The Byte Order Mark (BOM) is the Unicode character U+FEFF placed at the very beginning of a text stream or file to signal the encoding and byte order to readers. It is most commonly associated with UTF-16 and UTF-32, where byte order is ambiguous, but also appears in UTF-8 files -- particularly those generated by Windows tools.
Purpose and Function
The BOM serves two roles:
- Byte order detection: In UTF-16 and UTF-32, a 16-bit or 32-bit integer can be stored big-endian or little-endian. By reading the first bytes and comparing them to the known BOM patterns, a decoder can determine which byte order is in use.

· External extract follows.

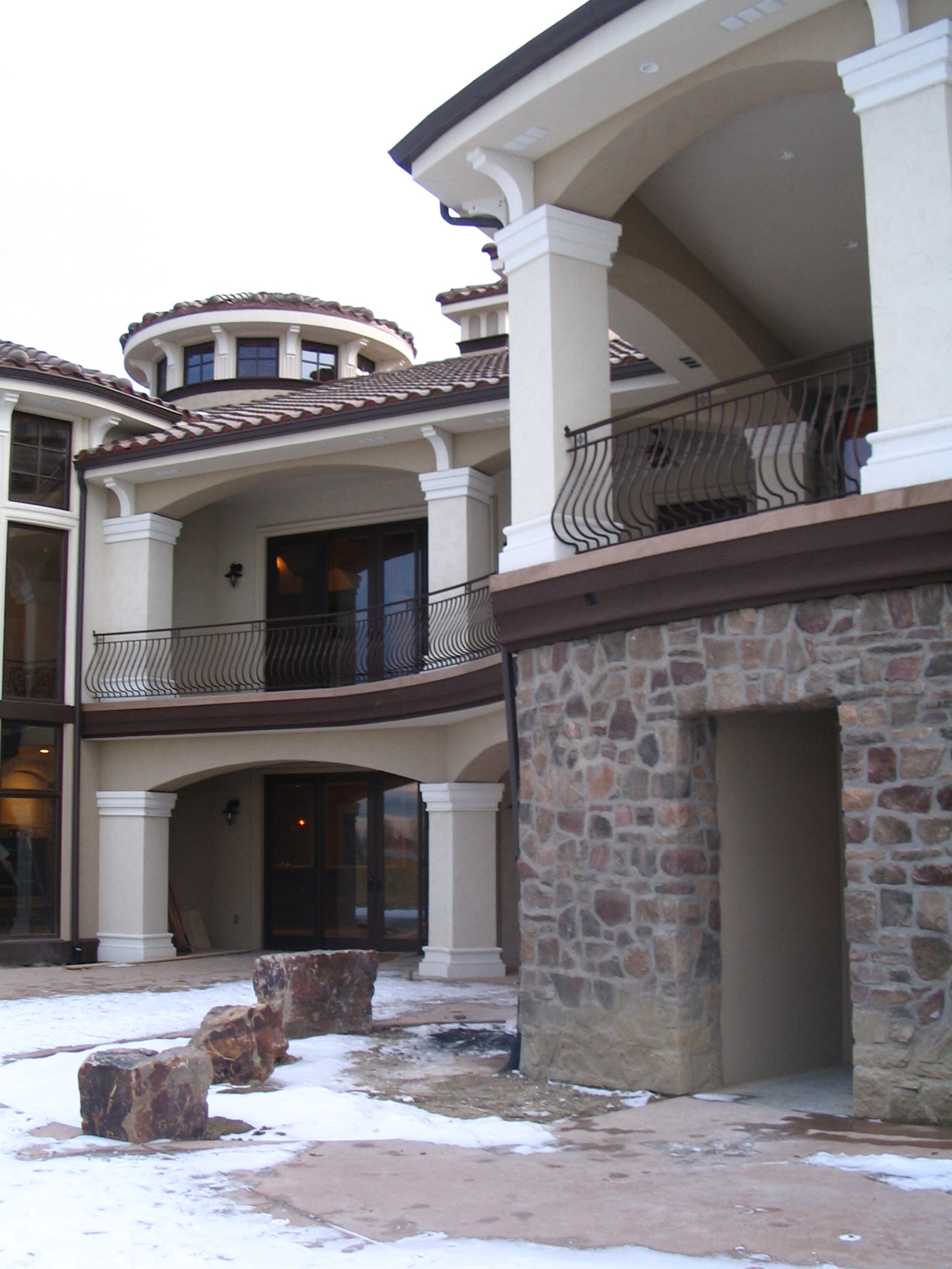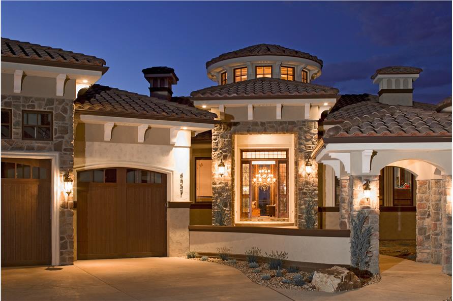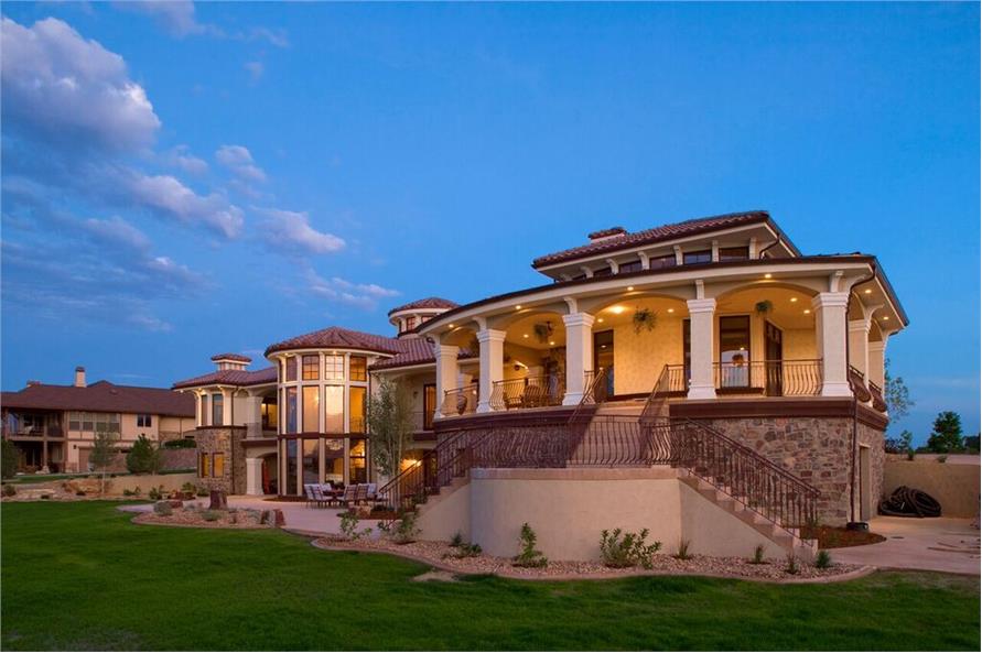 This magnificent Luxury Mediterranean home has 4261 square feet of living space with 2 to 3 bedrooms, if you use the study as a bedroom suite. It comes with an unfinished walkout basement that would add 3544 square feet of heated and cooled living space if you chose to finish it according to the suggested floor plan, with 1270 square feet of unfinished storage. Finishing the basement according to the plan would add 2 bedrooms and 3.5 bathrooms.

- Encoding signature: A decoder that encounters certain BOM byte patterns can identify the encoding unambiguously, even without external metadata.
BOM Byte Sequences
| Encoding | BOM Bytes (hex) |
|---|---|
| UTF-8 | EF BB BF |
| UTF-16 BE | FE FF |
| UTF-16 LE | FF FE |
| UTF-32 BE | 00 00 FE FF |
| UTF-32 LE | FF FE 00 00 |
A reader that sees FF FE knows the stream is UTF-16 little-endian. A reader that sees FE FF knows it is UTF-16 big-endian.
The UTF-8 BOM Controversy
In UTF-8, byte order is irrelevant -- the encoding processes bytes sequentially and the order is always defined. The UTF-8 BOM (EF BB BF) serves only as an encoding signature, not a byte order indicator. Its use in UTF-8 files is optional and contentious:
- Windows tools (Notepad, many Microsoft editors) historically added and expected the UTF-8 BOM
- Unix/Linux tools treat the BOM as three extra bytes at the start of the file, which can break scripts, CSV parsers, HTTP responses, and other formats sensitive to leading content
- HTML and web standards discourage the UTF-8 BOM; the
charsetdeclaration in HTTP headers or<meta>tags is the correct mechanism
Detecting and Removing the BOM
import codecs
# Writing with BOM
with open('/tmp/bom_test.txt', 'w', encoding='utf-8-sig') as f:
f.write('Hello')
# Reading: utf-8-sig strips the BOM automatically
with open('/tmp/bom_test.txt', 'r', encoding='utf-8-sig') as f:
print(f.read()) # 'Hello' (no BOM visible)
# Reading raw: utf-8 preserves BOM as U+FEFF
with open('/tmp/bom_test.txt', 'r', encoding='utf-8') as f:
text = f.read()
print(repr(text[:1])) # '\ufeff'
# Stripping BOM manually
if text.startswith('\ufeff'):
text = text[1:]
// Node.js: check for UTF-8 BOM in a Buffer
const fs = require('fs');
const buf = fs.readFileSync('/tmp/bom_test.txt');
const hasBom = buf[0] === 0xEF && buf[1] === 0xBB && buf[2] === 0xBF;
console.log(hasBom); // true
// Strip BOM from string
function stripBom(str) {
return str.charCodeAt(0) === 0xFEFF ? str.slice(1) : str;
}
Best Practices
For UTF-8 files: avoid the BOM unless you must produce files for legacy Windows tools that require it. If you receive files that may or may not have a BOM, use encoding utf-8-sig in Python or strip U+FEFF defensively. For UTF-16 and UTF-32, always include a BOM, as it is the most reliable way for readers to determine byte order without relying on external metadata.